This is the first study reporting the outcomes of Interstim X (Medtronic™) recharge-free sacral neuromodulation (SNM) device. It was approved for use in the UK in January 2023. We report our 1-year experience of using this device in the treatment of overactive bladder (OAB) and non-obstructive urinary retention (NOUR).

A prospective observational study was conducted between January 2023-January 2024 on 31 consecutive patients (25 females, 6 males; mean age 46.4, range 23 -78 years) who underwent implantation of Interstim X device in a tertiary referral centre. Efficacy data including quality of life measures and symptom severity scores were recorded. Successful outcome was defined as ≥50% reduction in urge urinary incontinence (UUI)/ urinary-frequency episodes for OAB and ≥ 50% reduction in need for self-catheterisation for NOUR. Adverse events and device-related complications were also collected.

In our cohort, indications for implant included NOUR (n=20, 64.5%); refractory OAB (n=9, 29%) or both (n=2, 6.5%). (Figure 1). A total of 16 patients (52%) patients had exchange of Interstim II battery to Interstim X (for depletion) and 15 patients (48%) underwent a first stage trial (FST). 

Overall, 29 patients (93.5%) responded to SNM therapy. One patient underwent explantation after FST due to inefficacy. One patient had a depleted Interstim II battery (implanted in South Africa) with return of OAB symptoms, who chose Interstim X for battery exchange but remained wet post-procedure.

In the cohort with NOUR (n=22), 19 (86.4%) patients required catheterisation prior to SNM therapy. Of these patients, 14 (74%) were catheter-free after implant, 4 (21%) had ≥50% reduction in need to self-catheterise and 1 (5%) remained catheter-dependent (and had the device explanted).

Figure 2 shows the outcomes of Interstim X (Medtronic™) recharge-free sacral neuromodulation (SNM) device for patients with NOUR.

There was no significant difference in their symptom severity score including urinary symptom profile (USP) (p=0.09). However, there was a significant difference in their urethral pain score on the visual analogue scale (p= 0.024) and quality of life measures (p<0.001). (Figure 3).

Of those with OAB, 10 (91%) had ≥50% reduction in UUI episodes/urinary frequency. 

The mean Patients Global Impression of Improvement (PGI-I) score was 1.57 (range 1 – 3).

There were no reported intra-operative or device-associated complications. Post-operatively, 1 patient (3%) had a superficial wound infection and 2 patients (6.5%) reported stimulation-related discomfort.

Interstim X SNM device is effective and safe for both OAB and NOUR cohort of patients, with high success rates in improving their symptoms. Post-operative complications were minimal and transient. 

In the NOUR cohort, Interstim X SNM therapy significantly improved their urethral pain and quality of life. Majority of patients were catheter-free after implant. 

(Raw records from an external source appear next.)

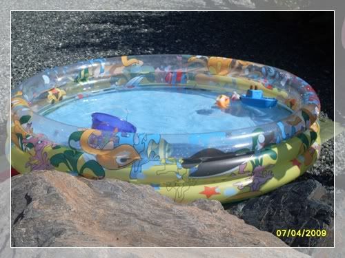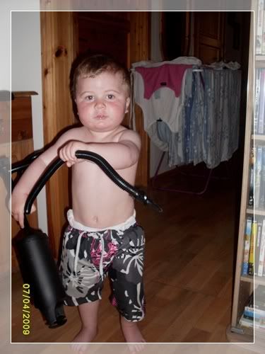 Legger ut noen bilder av Markus jeg [:)] Uansett om han ikke hører til dette forumet [;)] Men er jo sønnen min da [:)] Klar til å pompe opp bassenge sitt [;)] Der var bassenge klart [:)] Kosa seg der ja [:D]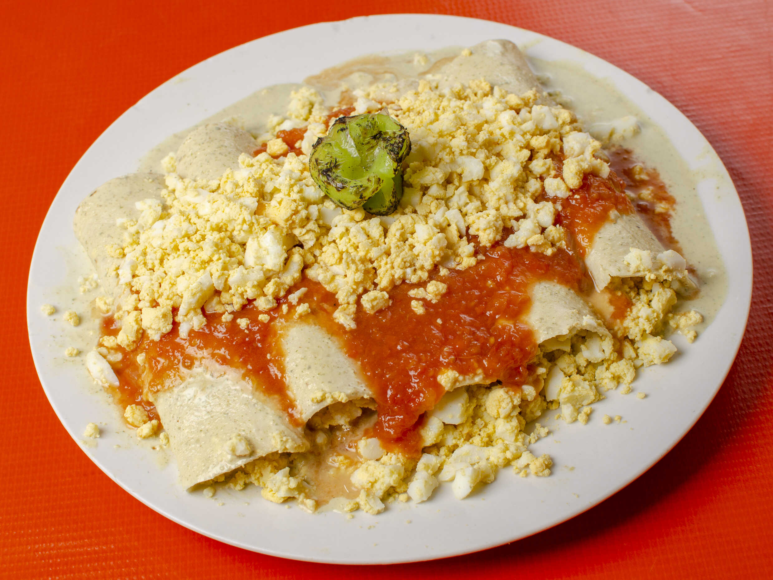 5 Tortillas rellenas de huevo duro bañada de salsa de pepita y tomate frito.
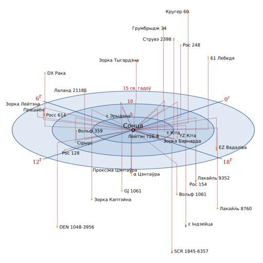 Keywords: Nearby Stars (14ly Radius)-be.svg A spatial representation of every star within 14 light-years of Sol There are 32 stars in this region including Sol The stars are coloured according to the spectral type which may not reflect the actual colour Please see this Wikipedia article for the listing of stars If a star is double or triple the stars are shown stacked vertically the actual position is the star closest to the centre plane The stars on this map may not all be visible to the naked eye as many are dwarf stars Some of this information may be preliminary and not entirely accurate as a result The coordinate system is right ascension and declination Hours of RA are marked as well as distance in multiples of 5 light-years Ка та азмяшчэння ў п асто ы ўсіх зо ных сістэм у адыусе 14 св  гадоў Сонца Уключаючы Сонца у гэтай вобласці знаходзяцца 32 зо ныя сістэмы усе яны пе алічаны ў спісе найбліжэйшых зо ак у «Вікіпедыі» Зо кі азмаляваны ў адпаведнасці з іх спект альным тыпам гэтыя коле ы могуць не супадаць з фактычнымі коле амі зо ак Падвойныя і пат ойныя зо кі азмешчаны ў выглядзе ве тыкальнай калонкі што аднак не адпавядае эальнаму становішчу зо ак у сістэме Большасць зо ак гэтай ка це не бачныя няўзб оеным вокам Частка інфа мацыі можа быць папя эдняй і не цалкам дакладнай Сістэма каа дынат заснавана на п амым узыходжанні і схіленні Вылучаны гадзіны п амога ўзыходжання і адлегласці ад Сонца к атныя 5 св  гадам Nearby_Stars_ 14ly_Radius svg 2015-01-31 Nearby_Stars_ 14ly_Radius svg Inductiveload derivative work Чаховіч Уладзіслаў <span class signature-talk >talk</span> 100px Nearby stars Original SVG English 100px Najbližje zvezde SVG slovenščina 100px айближчі зо і SVG Ук аїнська Translated into Belarusian Чаховіч Уладзіслаў Nearby_Stars_ 14ly_Radius svg Uploaded with derivativeFX Solar neighborhood Belarusian language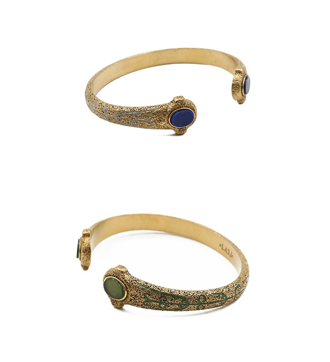 Bracelet jonc gravé et pierres naturelles de Serpentine ou Lapis Lazuli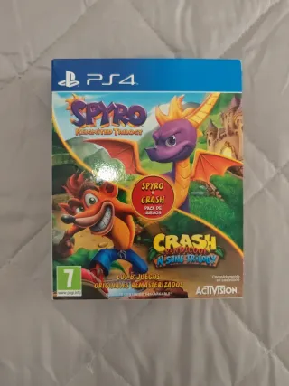 Pack de juegos para PlayStation 4 que incluye Spyro Reignited Trilogy y Crash Bandicoot N. Sane Trilogy. - Los 6 juegos originales remasterizados. - Completamente en castellano. Muy difícil de encontrar con su caja de cartón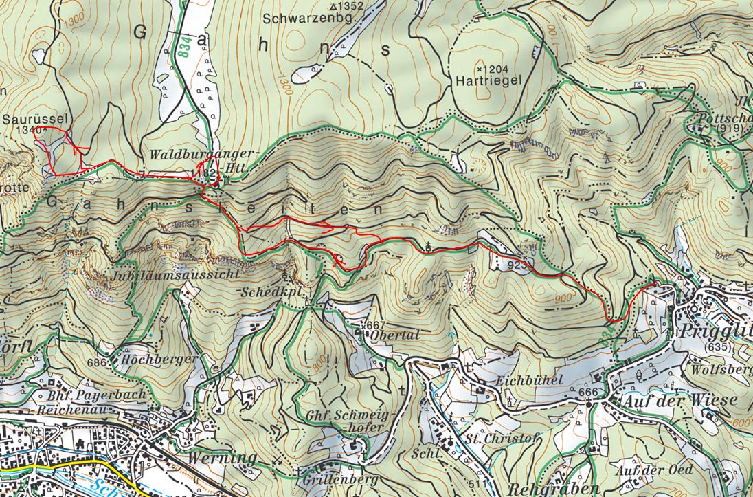 Heute ist Muttertag, und da wird traditionellerweise zu Mittag gegrillt. Eine größere Tour geht daher nur mit einem sehr frühen Aufbruch. Ist auch insofern gut, als "ab dem späten Vormittag" Gewitter angesagt sind. Ich gehe daher bereits um 6:50 von Prigglitz weg.

There were no reported compatibility issues in patients having battery exchange from a pre-existing Medtronic™ tined lead.

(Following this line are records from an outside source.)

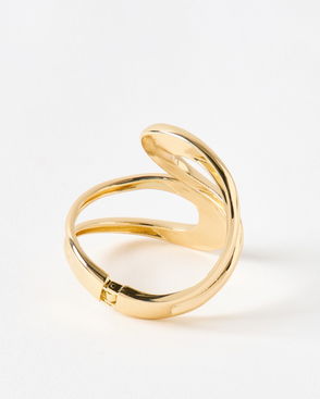 Chunky silver-toned cuff bangle in a large twisted style, and a smooth, shiny finish. Style as part of your silver bangle stack, or wear solo for a statement look.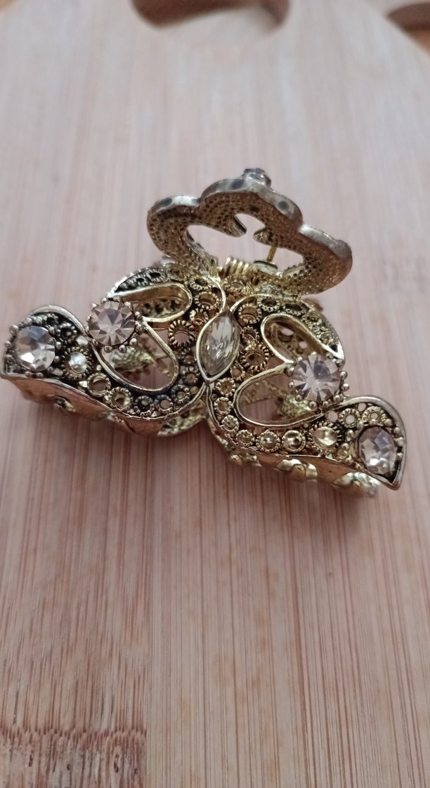 Parlak altın renkli metal saç tokası, sıralı taş detayları ve bohem tarzıyla dikkat çeker. Işıltılı ve zamansız bir görünüm sunar. ✨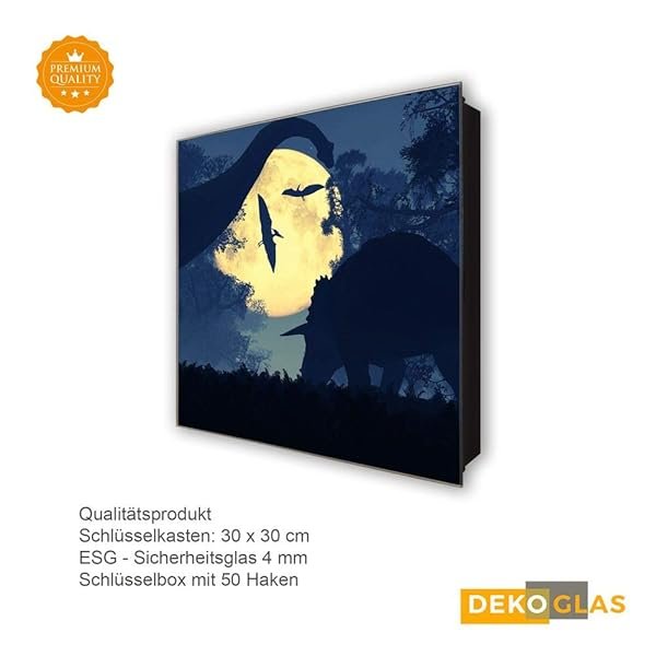 Schlüsselkasten 'Dinos im Mondschein' 30×30 Glas, inkl. Haken Schlüsselbrett Schlüssel-Box Design Aufbewahrung

This study demonstrates that the Medtronic™ Interstim X device provides safe and effective SNM therapy for patients with both OAB and NOUR, with no device related complications identified in the short-term. Furthermore, most patients reported that they were “very much better” following implantation with the Interstim X device. 

Notably, patients undergoing battery exchange with a pre-existing Medtronic™ tined lead in-situ experienced no compatibility issues. 

However, to ensure sustained efficacy, further evaluation with longer follow-up is warranted to assess the durability of the observed high therapy response rates.